Коли пожелаешь, можешь в старых газетах покопаться — много интересного о себе узнаешь. И не стыдно тебе, ангел-террорист?
— Стыдно, конечно, Петрус, как не стыдно? Виноват я, прости! Я потом долго не мог в себя прийти, вся сила моя ушла на этот прорыв, а то бы я, конечно, нашел тебя и во всем повиниться. Мне пришлось две недели в Иоанновском монастыре в алтаре отлеживаться,монахини молитвами выхаживали... Ах, сколько там благодати, братие! Как на духовном курорте побывал!
— Вестимо, — улыбнулся Петрус, — как не быть преизобилию благодати над усыпальницей святого праведного Иоанна Кронштадтского? Так ты, бедный, выходит, надолго занемог после своего подвига... Ну, это тебя отчасти извиняет.
— А Митя, между прочим, даже насморка не схватил! Нет, вы, братие, и представить себе не можете, каково мне с ним приходится: я над ним вьюсь, как ласточка над выпавшим из гнезда птенчиком, а он меня все отрицает и отрицает! Ах, да что говорить-то.., —Димитриус махнул рукой и, отвернувшись, горестно уставился на ближайшего к нему бронзового ангела, будто ожидая от него сочувствия.

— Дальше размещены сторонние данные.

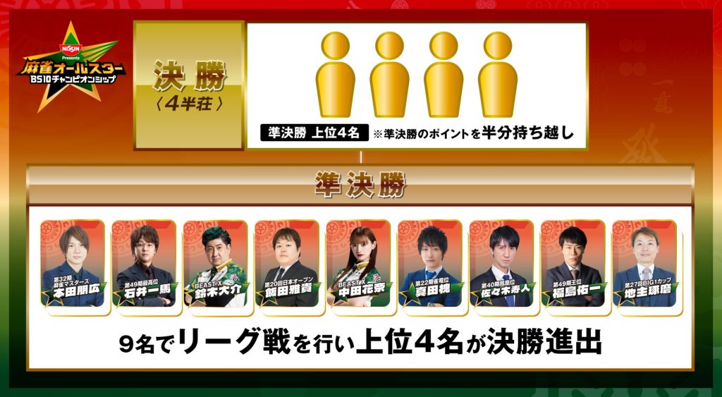 現Mリーガーと5名と、各団体のプロ雀士4名によって行われる準決勝。

Ангел Юлиус робко улыбнулся, выступил вперед и тоже начал перечислять свои печали, поочередно тонкие персты пригибая:
— А моя Юлька с тех пор, как живет с отцом, ни разу не причащалась Святых Христовых Таинств — это раз. Она верит в НЛО и экстрасенсов — это два. Когда уроков не выучит, просит мачеху погадать на картах, вызовут ее или нет — это три. В церкви не бывает — это четыре...
— Юлия твоя бывает с отцом и мачехой в церкви, — отвлекшись от скорбного созерцания бронзового собрата, сказал Димитриус. — Она очень даже любит бывать на пышных венчаниях новых русских. Мода у них нынче такая пошла — венчаться. Но волнует ее при этом не само таинство или красота службы, а наряды и прически невесты и гостей.

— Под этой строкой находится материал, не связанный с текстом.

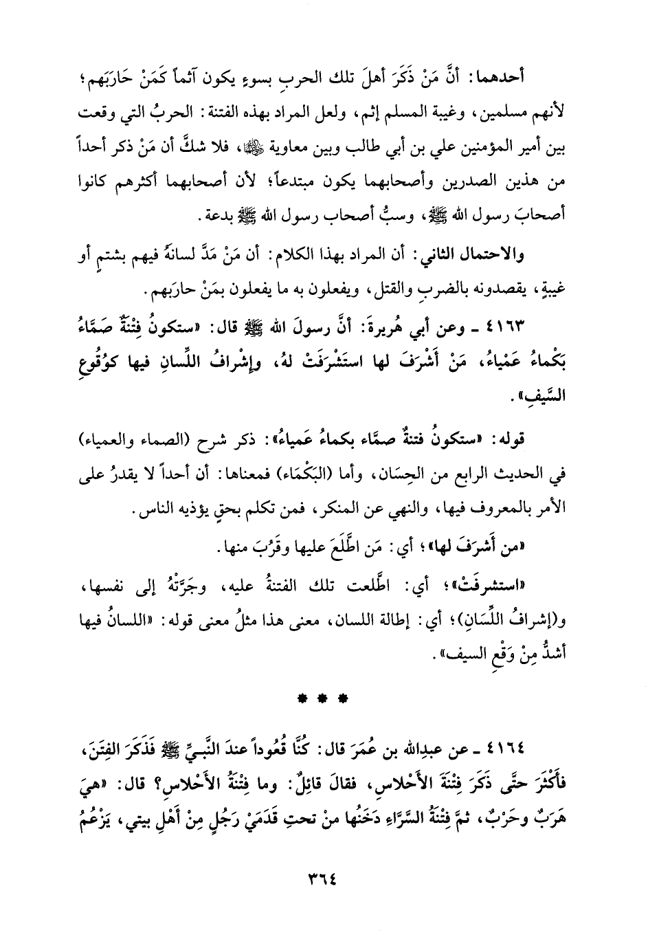 أحدهما: أنَّ مَنْ ذَكَرَ أهلَ تلك الحربِ بسوءٍ يكون آثمًا كَمَنْ حَارَبَهم؛ لأنهم مسلمين، وغيبة المسلم إثم، ولعل المراد بهذه الفتنة: الحربُ التي وقعت بين أمير المؤمنين علي بن أبي طالب وبين معاوية - رضي الله عنهما -، فلا شكَّ أن مَنْ ذكر أحدًا من هذين الصدرين وأصحابهما يكون مبتدعًا؛ لأن أصحابهما أكثرهم كانوا أصحابَ رسول الله - صلى الله عليه وسلم -، وسبُّ أصحاب رسول الله - صلى الله عليه وسلم - بدعة.

— Пустой сосуд твоя Юлия, хоть и запечатанный!
— Да, запечатанный! А коли сосуд запечатан печатью Святаго Духа, то еще не все пропало: Дух сам может возжечь в нем огонь, когда Ему восхочется! Моей Юленьке всего-то неполных двенадцать лет, она еще может исправиться. Пустой сосуд... Как можно называть дитя “пустым сосудом”, коли оно было крещено, миропомазании до двух лет исправно причащалось!
— Ах, брат мой Юлиус, ну что ты говоришь? Это в пеленках “исправно”? Да ведь это бабушка Настя носила ее в Божий храм причащаться! Но ты, конечно, истину молвишь: и в моем Мите сохранилась искра Божия, потому как его тоже крестили. Это уж потом отец вocnpemил ему посещение храма, дабы это не повредило сыночку. Вы подумайте только, братие, — не пускать ребенка в Божий храм из любви к нему! Что за жизнь, что за страна, что за люди!
— Жизнь как жизнь, и люди как люди. Ты бы, ангел мой, за границу слетал для утешения... А ты что ж это так надрываешься, хранитель Димитриус? — укорил его Петрус.
— Митя в душе неплохой человек. От природы он добродушный, щедрый: мимо нищего никогда без подаяния не пройдет, разве что проедет на своем “мерсе”. Ты не сомневайся, Иван, твою подопечную ж не обидит! Скорее наоборот — забалует, завалит подарками.
— Митя — доброй души человек, это воистину так. Но ты теперь про мачеху нашему гостю возвести, то-то он удивится! — горько усмехнулся Юлиус.
— Что еще за мачеха? — насторожился хранитель Иван. — Кто такая и где ее хранитель?
— О, наша невеста-мачеха по имени Жанна стоит особого разговора!
— Да чего там о ней особо разглагольствовать? Да Митя на ней может, еще и не женится, одумается, — отмахнулся было ангел Димитриус.
Но хранитель Иван взволновался не на шутку:
— А ну-ка, братие, повествуйте, что там у вас за “невеста-мачexa” обретается, и почему ее хранитель с вами не прибыл?
— А нет у нее никакого ангела-хранителя, — с досадой молвил Димитриус. — Нет и быть не может, потому как она не крещена. Зато приставлен к ней особый бес по кличке Жан, жутко на нее похожий... Или она на него — теперь уж и не разберешь. Вот он и есть ее духовный руководитель.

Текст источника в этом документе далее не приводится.